Once a year, around here, all the grocery stores go mad, selling salmon from the Copper River in Alaska with enormous banners fluttering above the entrance, and a $30 per pound price tag on the fish. The season only lasts about a month, and everyone seems to hunger for it, and so the prices rise every year. It is good — lip-smacking good — but there are salmons just as good. The Yukon River salmon. The sockeye fillet sitting in my freezer right now, which my friend Pete caught himself, when he was in Chignik, Alaska. The bright-red flesh of the fish I ate in Sitka, caught the day before by the Wilbers’ father. And even salmon caught off the coast of Washington, sometimes. They don’t cost nearly as much as Copper River salmon, and it feels good to be eating a secret.
However, for me, any salmon, any way it’s done, is good. Homemade gravlax cured with salt, sugar, and dill. Salmon baked on rock salt. Salmon on the barbeque. Or even a small fillet, seared on both sides for one minute in a skillet, then thrown into a 500° oven and cooked until it is medium rare. Any way it is cooked — as long as it is not overdone — salmon satisfies. Its oily flesh and cheerful pinkness always makes me happy. There’s something rich, with unexpected depth, every time, about a great piece of salmon. I feel as though I am eating the Pacific Northwest — the green trees; the briny sea; the wind in January; the blue skies of August; the Olympic Mountains at sunset; all that life — whenever I eat salmon.
5. Blackberries, warmed by the sun, right off the vine.
Last week, I was walking with my nephew, Elliott, in the wilds of the woods behind his house on Vashon Island. His parents were both working, and I was babysitting him for the day. He swung his arms from side to side as he walked down the path, his sturdy little three-year-old body guiding him toward goodness. He led me to a blackberry patch, still yielding life, even though summer was nearly over.
He put up his hand, his fingers reaching for the fattest, blackest berry. He plopped it in his mouth, then chewed down. Upon his face, a sweet smile like sunrise on a Sunday morning. I grabbed one, as well, feeling the warmth of the sun on my fingers, the prickles of the berry trying to prevent me from eating it, and the juice already spilling from the purple pockets. Slowly, trying to enjoy the moment, I raised the berry toward my mouth. Aching beauty. Dark sweetness. A bit of tartness. The entire summer of freedom and loving and laughter and long nights concentrated into one taste. One glorious taste, of blackberry.

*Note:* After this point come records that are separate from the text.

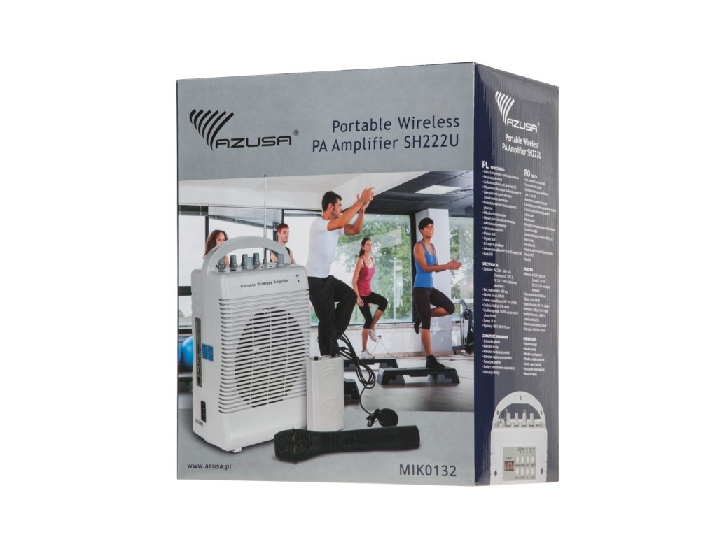 SH222U obsahuje vše, co potřebujete k okamžitému použití: hlavní jednotku, ruční mikrofon, klipový mikrofon, náhlavní mikrofon, tašku, automobilový napáječ a návod k použití. Kromě toho je sada vybavena vstupem jack 6,5 mm pro dynamický drátový mikrofon a vstupy a výstupy AUX, což umožňuje širokou škálu použití.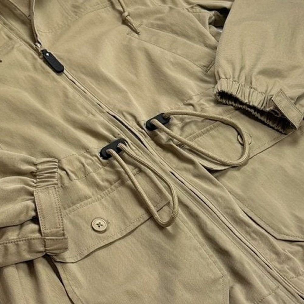 - Adjustable waist strings and adjustable cuffs, with subtle logo buttons
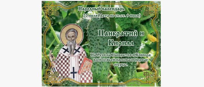 ТЕЛЕГРАММ замедляется.Вероятно скоро его заблокируют.Чтобы не потерять нас и получать оперативно информаци. подпишись на наши каналы в МАХ.Кто еще не подписался В полностью Российской сети МАХ на каналы ВОЕННЫЕ ПЕНСИОНЕРЫ ЗА РОССИЮ И ЕЕ ВООРУЖЕННЫЕ СИЛЫ: Канал для Военных пенсионерах без войны и политики, Военных пенсиях,пенсиях жен военных пенсионеров ,жизни военных пенсионеров и о способах прожить дольше : https://max.ru/voennyepen За Родину .Мы победим.: Оперативная информация О Спецоперации ,политике на канале: https://max.ru/join/aXh9SdoNhgk2rhy901ENolzCyoGLJhMgpon7E6np9n0 СРОЧНО ПОДПИСЫВАЙСЯ и ты будешь в курсе оперативных событий.НЕ пропусти!!! В Телеграмм создана группа " Военные пенсионеры за Россию и ее ВС. Мы победим". У кого есть Телеграмм просим вступить в нее. Там много интересного, срочного, очень оперативная информация, а также чего нельзя помещать в ОДНОКЛАССНИКАХ и на сайте. Вступить можно по ссылке: Военные пенсионеры за Россию и ее ВС. Мы победим "https://t.me/voenpenszaRossiu" Очень большая просьба НЕ ОТПИСЫВАТЬСЯ ОТ КАНАЛА, Канал работает в тестовом режиме. Мы стараемся понять, что Вам будет интересно читать и как работать дальше. Пишите, что бы Вам хотелось читать в ТЕЛЕГРАММ. Хоть в любой теме на сайте, хоть в Телеграмм. Чтобы не раздражали уведомления их можно ОТКЛЮЧИТЬ. Кого раздражают уведомления в Телеграмм их можно отключить. Отключить уведомления можно нажав на надпись ОТКЛЮЧИТЬ УВЕДОМЛЕНИЯ внизу Дата в 2025 году: 22 июля , вторник Другие названия: День Панкрата; Панкрат; День Кирилла; Кирилл; Панкрат и Кирилл; ягодник Церковное название: Священномученика Панкратия, епископа Тавроменийского; священномученика Кирилла, епископа Гортинского Значение: Почтение памяти епископов Панкратия Тавроменийского и Кирилла Гортинского Традиции: Сбор огурцов Народный праздник Панкратий и Кирилл отмечается 22 июля 2025 года (дата по старому стилю – 9 июля). В церковном календаре это день почитания двух священномучеников – епископов Панкратия Тавроменийского и Кирилла Гортинского. История Панкратий жил в I веке. Был родом из Антиохии. Вместе с родителями отправился в Иерусалим, когда там был Иисус, чтобы получить его благословение. Там он познакомился с апостолом Петром. После смерти родителей юноша обосновался в одной из пещер Понтийского хребта, где предавался размышлениям и молитвам. Там его нашел апостол Петр и позвал с собой. Вскоре они оказались в Киликии. Там их встретил апостол Павел. Петр и Павел назначили Панкратия епископом Тавромении. За многие годы его служения почти все горожане и многие жители окрестных селений приняли христианство. За это язычники озлобились на епископа, напали на него и убили. Так Панкратий принял мученическую смерть в конце I века. Кирилл жил в III веке. Когда императоры Диоклетиан и Максимиан начали преследовать христиан за вероисповедание, его арестовали с другими братьями по вере и бросили в темницу ждать суда. По воле Всевышнего Кирилл чудесным образом оказался на свободе и по указу Господа отправился в Рим. Там он проповедью вдохновил православных не падать духом и не сдаваться. Когда гонения вновь настигли Кирилла, он с той же миссией отправился в Иерусалим. По дороге ему было видение, которое указало на остров Крит. Там его избрали епископом за красноречие и непоколебимую веру в Бога. Десятилетия священнослужитель неустанно наставл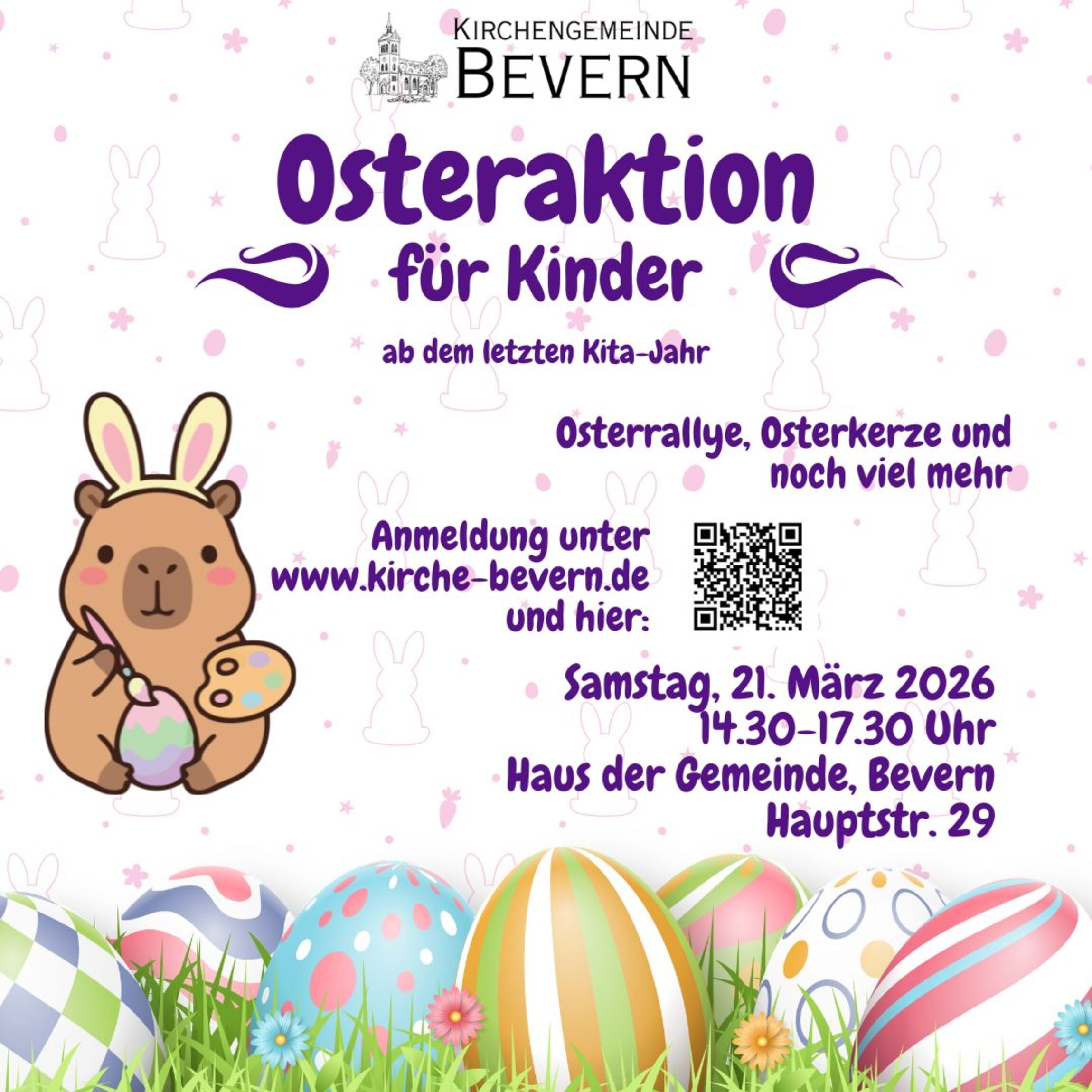 Am Samstag, 21. März 2026 von 14.30 - 17.30 Uhr findet unsere diesjährige Osteraktion statt. Wir starten eine Osterrallye durch Bevern und eine neue Osterkerze für die Kirche müssen wir auch herstellen.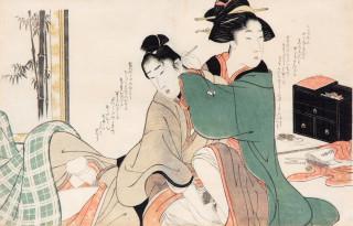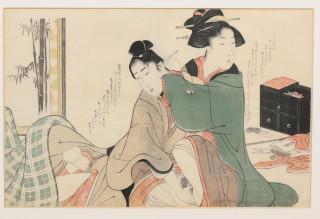 Shunga, geisha reinigt het oor van haar bezoeker. Oban, in lijst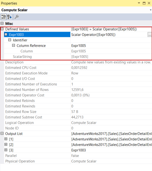 Compute scalar operator only computes a new column without any calculation, the Expr1005 value is assigned to Expr1003.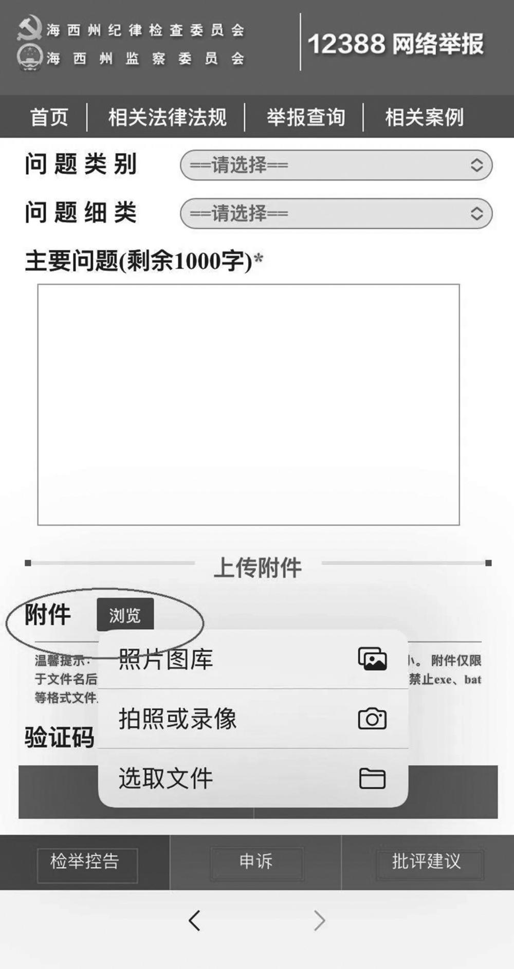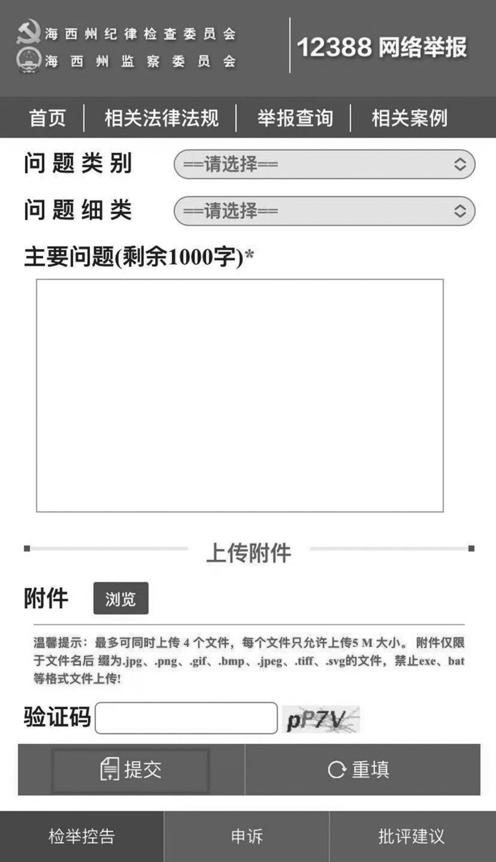 步骤八:选择要举报的类型为“检举控告”、“申诉”或“批评建议”,填写内容并添加附件后点击提交完成。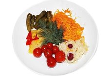 270/15 г • маринованные томаты, соленые огурцы, квашеная капуста, маринованный перец, пряная морковь, клюква, зелень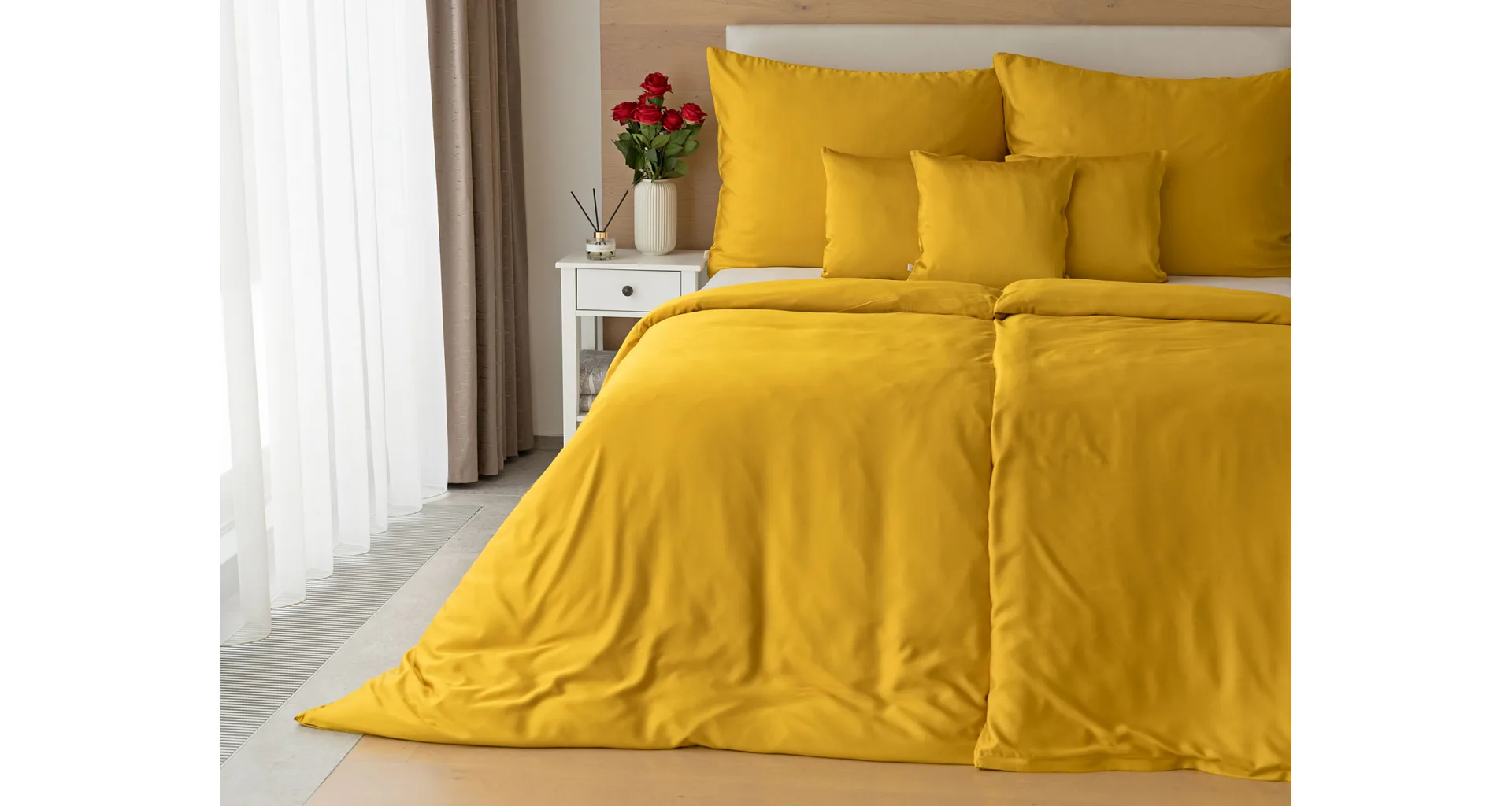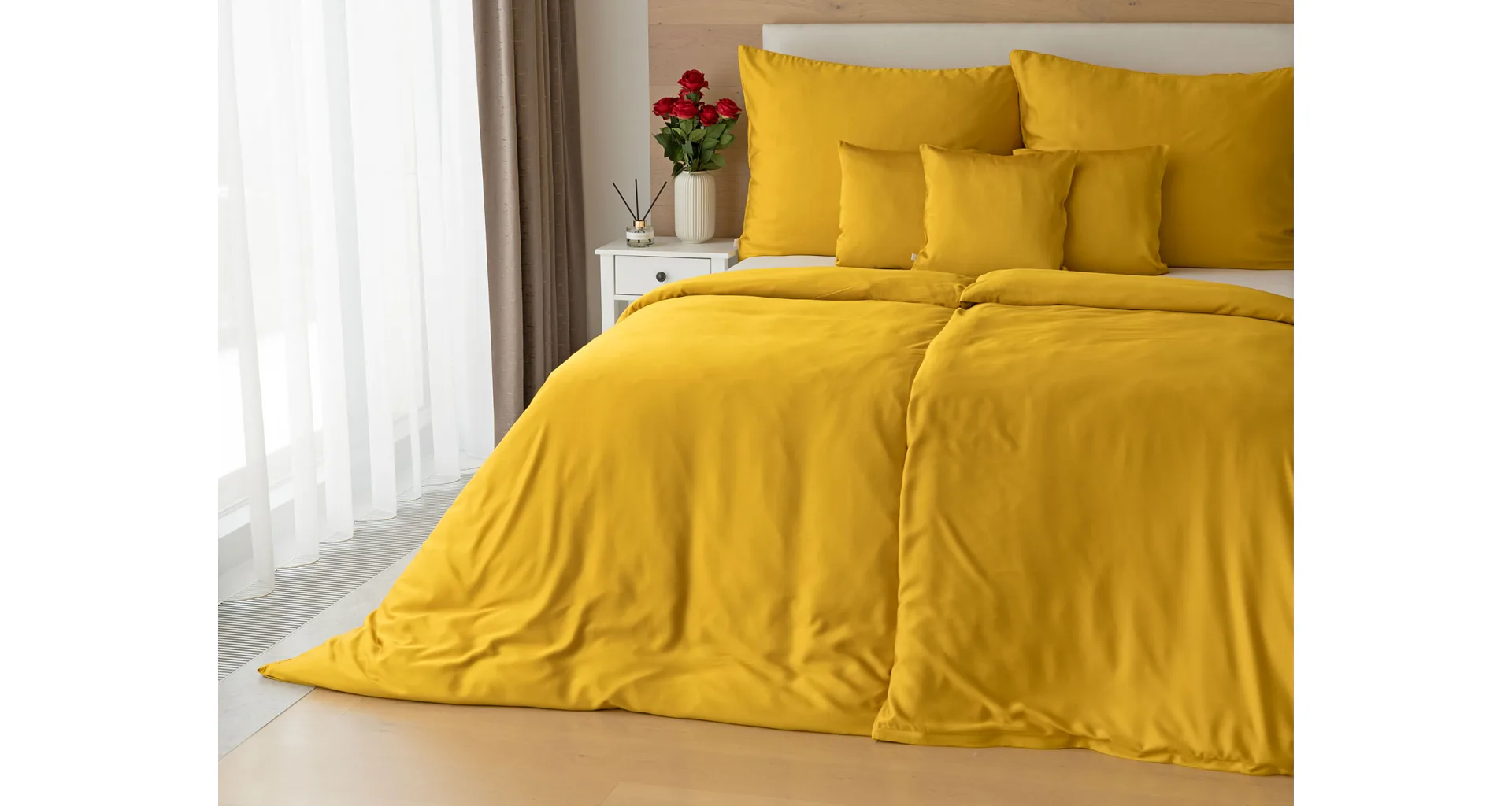 Dotknite sa nového rozmeru pohodlia a doprajte sebe aj svojej spálni luxusné obliečky Luna zo 100% bambusovej priadze. Hebký a jemný prírodný materiál ocenia milovníci zdravého a kvalitného spánku. Hladké jednofarebné prevedenie okúzli priaznivcov čistého dizajnu. Vďaka benefitom bambusového vlákna vám bambusový satén poskytne komfort po celý rok. Obliečky Luna dobre udržujú teplo a skvele absorbujú vlhkosť. Prirodzený lesk v spojení s hrejivým a atraktívnym medovo žltým odtieňom vnesie do každodennosti sviežu noblesu. Prirodzená krčivosť jemných vlákien dodá vašej spálni nádych nedbalej elegancie.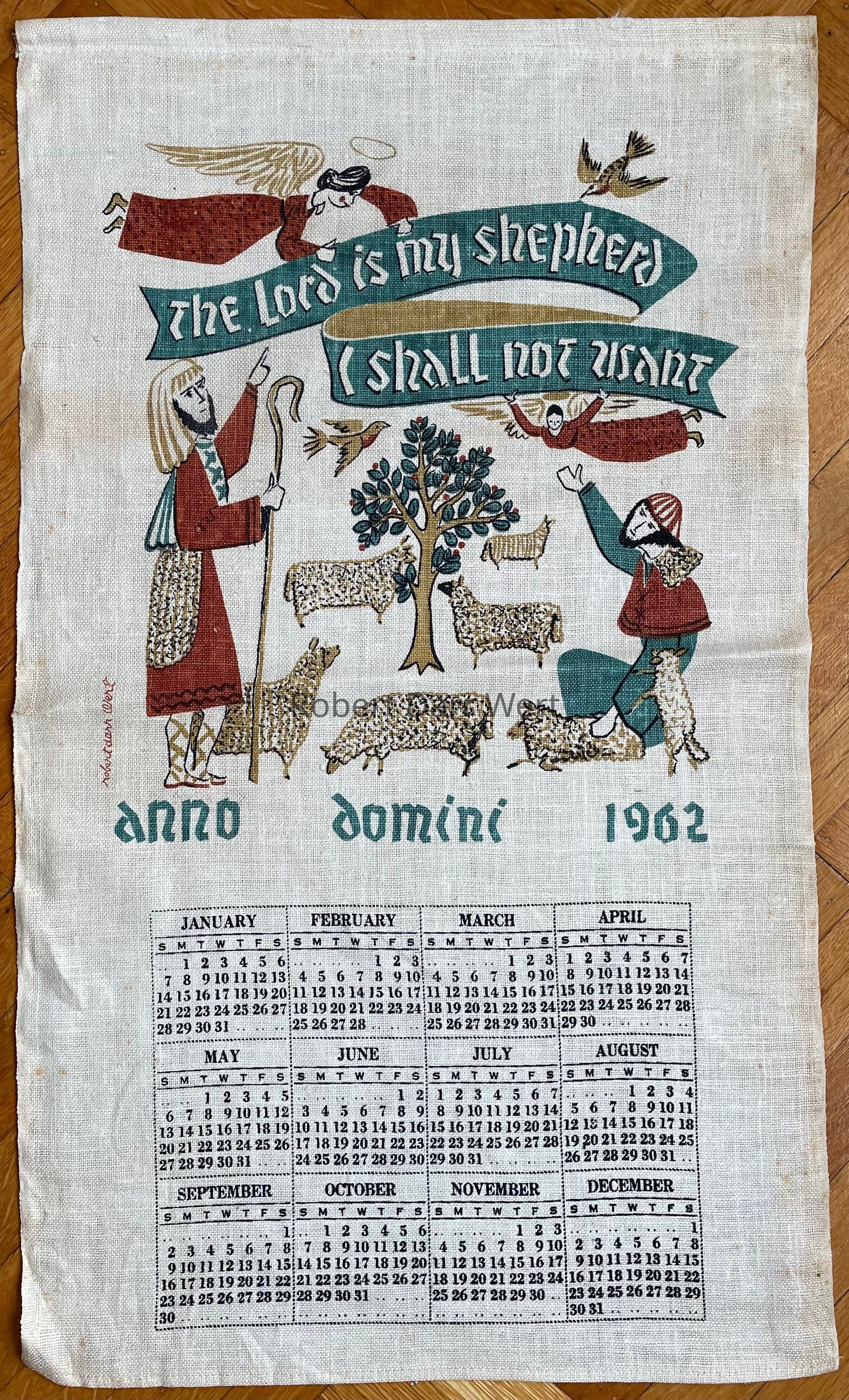 A four-color silkscreen print on natural linen depicting two shepherds tending a flock of sheep while two angels and a bird hold aloft a banner emblazoned with the first line of Psalm 23 from the King James Bible, “The Lord is my shepherd, I shall not want.” Below the shepherds and flock is the text, “anno domini 1962.” This calendar has also been documented with a 1963 calendar.

Elliott turned toward me, and said “Blackberries are just my favorite, favorite fruit.”
And I agreed.
Then, he reached for another one.
There is no way to stop the summer from leaving. Believe me, if there were, I would have found it. However, there’s really no need, since the autumn brings its own bounties. And without autumn, there would be no cold mornings that call for gluten-free toast and blackberry jam.
Meri made this for us, late in August, the last of the berries, full of flavor and almost weeping with sadness at the summer being over. And the joy of being alive.
Three cups fresh blackberries, crushed
Five cups of sugar
One cup of water
One package of pectin
Crush the blackberries, one cup at a time, in a large bowl. Add the sugar — yes, you will need that much, because blackberries can sting you with their tartness. Let this stand for ten to fifteen minutes, to become juicy and combined.
In a small saucepan, bring the water and pectin to a full boil. Be sure to stir it, constantly, for at least one minute.
Add the hot pectin and water mixture to the fruit and sugar. Stir and stir and stir, for at least three minutes. This is how you will combine this mash into a jam. Be patient.
Carefully, spoon the mixture into jam jars, leaving a bit of space on top for air. Twist on the caps, then set the jars on your counter for a few hours. This will allow the jam to set. Afterwards, put most of the jam jars in the freezer, and a few into the refrigerator.
This should make about six, eight-ounce jars. Use the jam up to three weeks after you have put it in the refrigerator. (You won’t have any problem eating it that fast.) The jars in the freezer can remain there up to one year.